On Motion for Rehearing.
HAWKINS, J.[7] The state has filed a motion for rehearing in which it is urgently insisted that our original opinion is wrong where we held that, if prosecutrix had engaged in an act of intercourse with appellant at a time prior to the act elected by the state upon which to seek conviction, she was not of “previous chaste character.”
The argument advanced that a man who *292liad brought about the defilement of a virtuous girl should not he permitted to hide behind his own wrong appeals very strongly to us as individuals, as it naturally does to any man who has at heart the preservation of the purity of womanhood, and the punishment for its violation. But if we surrendered to our feelings, following the promptings of desire, and changed our former ruling, we cannot see it otherwise than that we would be arrogating to ourselves legislative functions, and in effect, by judicial construction, write into the law something which might with propriety have been incorporated by the Legislature, but was omitted by it.
The last sentence of article 1063, P. C., defining rape, as amended at the Fourth called session of the Thirty-Fifth Legislature (Acts 35th Deg. [1918] c. 50), reads as follows:
“Provided, that if the woman is fifteen years of age or over, the defendant may show in consent cases, she was not of previous chaste character as a defense.”
It seems to us that any other conclusion than heretofore announced would be to read into the law by judicial construction a further proviso “that such defense should not be available to an accused if he was the author of the woman’s unchastity.” 'Sentiment and reverence for virtue has a strong impelling force in that direction, but recognition of our duty to declare the law as written, rather than as we might wish it to be, draws the other way.

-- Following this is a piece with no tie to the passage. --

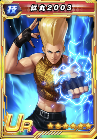 | パッシブスキル2 | 雷撃の光 敵全体の行動制限耐性を減少させる。敵単体が京かネスツスタイル京のやけどと紅丸2003の「静電」効果を同時に付与されたとき、本バトルでのダメージ減少率が15%減少する。紅丸2003自身にはマヒ効果と「静電」効果が無効である。 敵全体の行動制限無効率が7%減少する。(Lv:0.08%) |

The Legislature uses the words “previous chaste character.” When we determine at what time an unmarried woman becomes “unchaste” then the controlling question in this case is settled. The word “chaste” is supposed to have been used by the Legislature in its ordinary meaning. It is not necessary to go to the text-writers and decisions of the courts to determine what the usual and ordinary meaning of “sexual purity” is. But, if we go to the decisions, our own court has settled it in construing the very statute now under consideration. In Norman v. State, 89 Tex. Cr. R. 330, 230 S. W. 991, it is said:
“A chaste woman, within the meaning of the law as applied to an unmarried woman, signifies one who has had no carnal knowledge of men. Cyc. of Law and Proc. vol. 6, p. 978;, Words and Phrases, Second Series, vol. 1, p. 652; State v. Kelley, 90 S. W. Rep. 834, 191 Mo. 680; Kerr v. U. S., 104 S. W. 809; Marshall v. Territory, 101 Pacific, 139.”
Being convinced that our original opinion properly construed the law as we find it written in our Code, the motion for rehearing is overruled.